Supreme Court Justice Brett Kavanaugh is declining to accept the more than half a million dollars raised in a Go Fund Me campaign during his bruising confirmation hearings, citing ethical concerns. But the North Carolina man who started the effort said the money would go to three Catholic youth programs that Kavanaugh has supported in the past.
John Hawkins updated the GoFundMe page to reflect Kavanaugh’s decision and to inform those who donated that they could have their money returned if they did not want to support the charities:
Since they are not allowed to suggest a charity, I did some research on charities supported by the Judge and settled on the Archdiocese of Washington which runs the Catholic Youth Organization (CYO). Brett Kavanaugh rather famously coached girls’ basketball there, and if the Kavanaugh family were allowed to support a charity, I feel confident the Archdiocese of Washington would be near the top of the list. After talking to the Archdiocese of Washington about the best way to use the funds to help the sort of kids Brett Kavanaugh has been working with, we’re going to split the money between three of their programs: The Catholic Youth Organization (CYO) , the Tuition Assistance Fund, and the Victory Youth Center.
With that in mind, I talked with GoFundMe and explained that I’d like to see the money go to this charity. If for some reason, you don’t want your money to go to that charity, you will have a week from today to ask for a refund from GoFundMe. Additionally, GoFundMe, which has been incredibly helpful behind the scenes, provided a list of all the comments people made. After screening out the trolls, I want you to know that all of those have been sent to the Judge’s family. So, if they didn’t get to read those comments while you were leaving them, they will certainly get to see them now. I’m sure all those kind words will mean a lot to them.
Hawkins had raised $611,645 in small donations from approximately 13,250 donors, many of them anonymous, for ‘Brett Kavanaugh’s family to use for security or however they see fit.’ The GoFundMe appeared online on Sept. 24, the day after the New Yorker published Deborah Ramirez’s allegations that Kavanaugh exposed himself and put his penis in her face at a college gathering. That story emerged a week after the Washington Post published Christine Blasey Ford’s accusation that Kavanaugh had tried to force himself on her at a high school party.
On Tuesday, Hawkins posted what he referred to as an ‘official statement’ from Kavanaugh’s representatives distancing the justice from the effort.

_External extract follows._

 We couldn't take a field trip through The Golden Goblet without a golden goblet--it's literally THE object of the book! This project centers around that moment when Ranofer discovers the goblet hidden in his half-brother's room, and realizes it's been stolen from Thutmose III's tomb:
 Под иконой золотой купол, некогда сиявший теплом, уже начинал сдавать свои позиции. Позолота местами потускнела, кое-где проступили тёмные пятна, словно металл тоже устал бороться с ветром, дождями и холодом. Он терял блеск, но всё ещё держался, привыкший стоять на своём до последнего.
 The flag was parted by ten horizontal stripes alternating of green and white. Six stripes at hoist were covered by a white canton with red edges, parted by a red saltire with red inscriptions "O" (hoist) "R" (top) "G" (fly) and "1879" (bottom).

“Justice Kavanaugh did not authorize the use of his name to raise funds in connection with the GoFundMe campaign. He was not able to do so for judicial ethics reasons. Judicial ethics rules caution judges against permitting the use of the prestige of judicial office for fund-raising purposes. Justice Kavanaugh will not accept any proceeds from the campaign, nor will he direct that any proceeds from the campaign be provided to any third party. Although he appreciates the sentiment, Justice Kavanaugh requests that you discontinue the use of his name for any fund-raising purpose.”
“Hawkins said that at its peak during the confirmation hearings, the fundraiser was “going nuclear” and bringing in more than $10,000 an hour,” Yahoo reported.

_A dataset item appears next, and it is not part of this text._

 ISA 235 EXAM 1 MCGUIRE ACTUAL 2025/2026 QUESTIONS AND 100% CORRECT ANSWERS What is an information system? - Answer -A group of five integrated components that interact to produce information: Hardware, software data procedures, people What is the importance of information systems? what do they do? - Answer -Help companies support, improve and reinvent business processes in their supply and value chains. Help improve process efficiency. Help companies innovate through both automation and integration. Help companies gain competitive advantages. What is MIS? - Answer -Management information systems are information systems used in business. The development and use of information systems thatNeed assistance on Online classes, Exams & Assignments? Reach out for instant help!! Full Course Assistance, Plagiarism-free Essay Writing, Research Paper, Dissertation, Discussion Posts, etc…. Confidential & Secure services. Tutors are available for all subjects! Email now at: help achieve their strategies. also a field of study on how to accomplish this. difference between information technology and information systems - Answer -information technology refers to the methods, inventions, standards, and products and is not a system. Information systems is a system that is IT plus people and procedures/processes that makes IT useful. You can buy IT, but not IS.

“I think that conservatives were so shocked and horrified by the way that they felt — like, this is a good guy, he’s been through all these background checks, and he was just being destroyed by what we view as unproven allegations,” Hawkins said. “Once we saw that … people felt like they had to do something.”
Hawkins concluded his update on the GoFundMe page: “Last but not least, folks, this GoFundMe has been a TREMENDOUS success. We were able to show support for Judge Kavanaugh in his hour of need and raise an enormous amount of money for a charity that has obviously meant a lot to him. Everyone who contributed should be extremely proud to be a part of this.”